Keywords: Kuru, Prion diseases, Transmissible spongiform encephalopathies

INTRODUCTION

Kuru was the first human neurodegenerative (i.e. not inflammatory) disease proven to be transmissible (1). Its discovery led to the transmission of Creutzfeldt-Jakob disease (CJD) 2 years later (2). These studies led to a Nobel prize for D. Carleton Gajdusek in 1976 (3), later to a Nobel prize for Stanley B. Prusiner for the discovery of “prions” (4), and also, indirectly, to a Nobel prize for Kurt Wüthrich for solving its protein structure using nuclear magnetic resonance spectroscopy (5). Currently, these diseases are believed to be caused by prions and are embraced by the term “transmissible spongiform encephalopathies” (TSEs) or “prion diseases.” Prions are an aggregate of a misfolded isoform, TSE-specific prion protein (PrPTSE), of a normal cellular protein (PrPc) that are regarded by the majority, but not all, investigators as the sole cause of this group of diseases (6).

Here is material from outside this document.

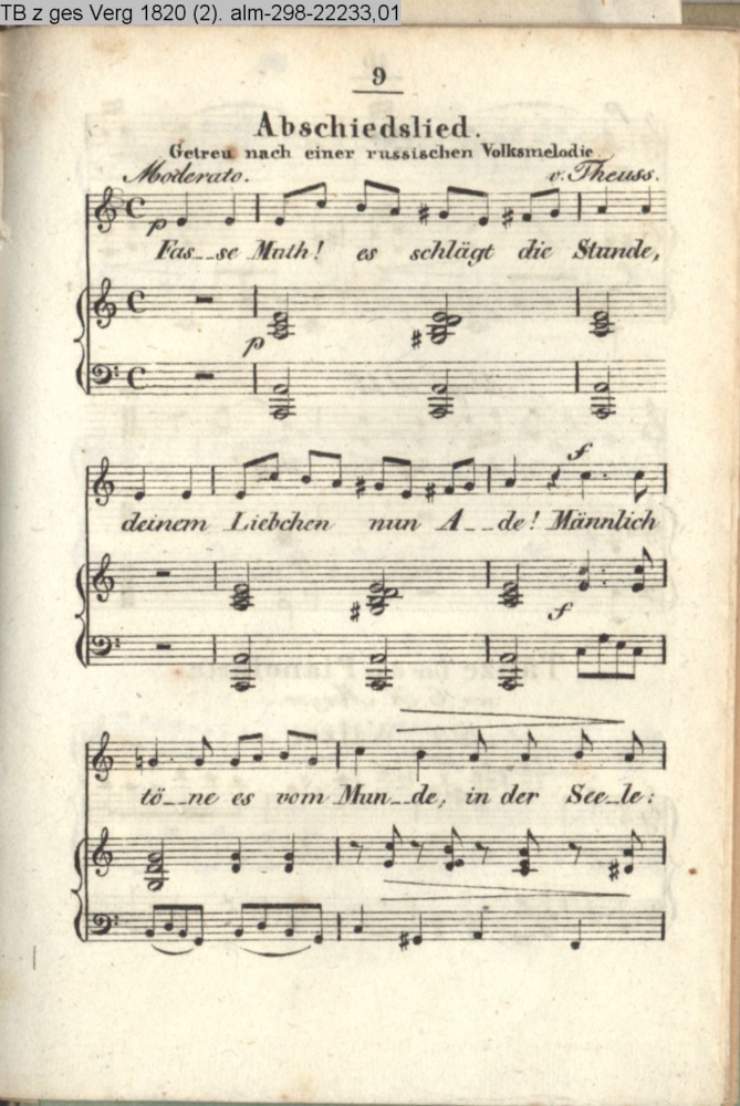 Musik zu dem Taschenbuch zum geselligen Vergnügen auf das Jahr 1820 (Sammlung INr 22229, Obj 118) (Photos 22232,01; 22232,02)

Kuru Etiology—A Discovery of a New Class of Pathogens

Although on epidemiological grounds the etiology of kuru was thought to be infectious even before Gajdusek arrived in Papua New Guinea, all attempts to transmit kuru to small laboratory animals or to isolate a virus using tissue cultures or embryonated hen’s eggs were unsuccessful (7). Gajdusek had initially expressed doubt that cannibalism spread the disease because there was no initial evidence of infection and the fact that cannibalism, widespread in Papua New Guinea, did not lead to any disease in other areas where it was practiced. However, in retrospect, he said, “even a complete drunk could guess that a disease endemic among cannibals must spread through eating corpses” (D. Carleton Gajdusek, personal communication to Pawel Liberski). It must be stressed that Gajdusek and Vin Zigas provided a major early contribution to the epidemiology of the disease, on which later investigators were able to build (8, 9).

On August 6, 1959, in Papua New Guinea, Gajdusek received a letter from William Hadlow, a veterinary neuropathologist (911), who, having seen pictures of kuru neuropathology taken by Polish-born neuropathologist Igor Klatzo (see section on neuropathology) at a traveling Welcome Medical Museum exhibition in London, enclosed a copy of a letter to the editor of Lancet that pointed out the similarities between kuru and scrapie (10, 11). Gajdusek found the Hadlow suggestions “much more compelling” (11). A similar observation was made by veterinary neuropathologist James R. M. Innes (D. Carleton Gajdusek, 2008, personal communication) (12). The stage was thus set for Gajdusek to play a leading role, and the first chimpanzee was inoculated on February 17, 1963 (9). In 1965, brain tissue from 3 kuru patients he had inoculated 2 years earlier transmitted the illness to chimpanzees (1, 12) and later to Rhesus monkeys (13), marmosets (14), and Gibbon and Sooty Mangabey monkeys (15). In contrast, sheep, goats, mink, pigs, mongooses, opossums, dogs, ferrets, as well as ducks, geese, and turkeys were totally resistant to infection (16). At some stage, even plants like tomatoes were tried as possible hosts because of a “viroid hypothesis” (17). Overall, 18 cases transmitted kuru with a transmission rate of 95%, which was slightly higher than that for sporadic CJD (87%) (16).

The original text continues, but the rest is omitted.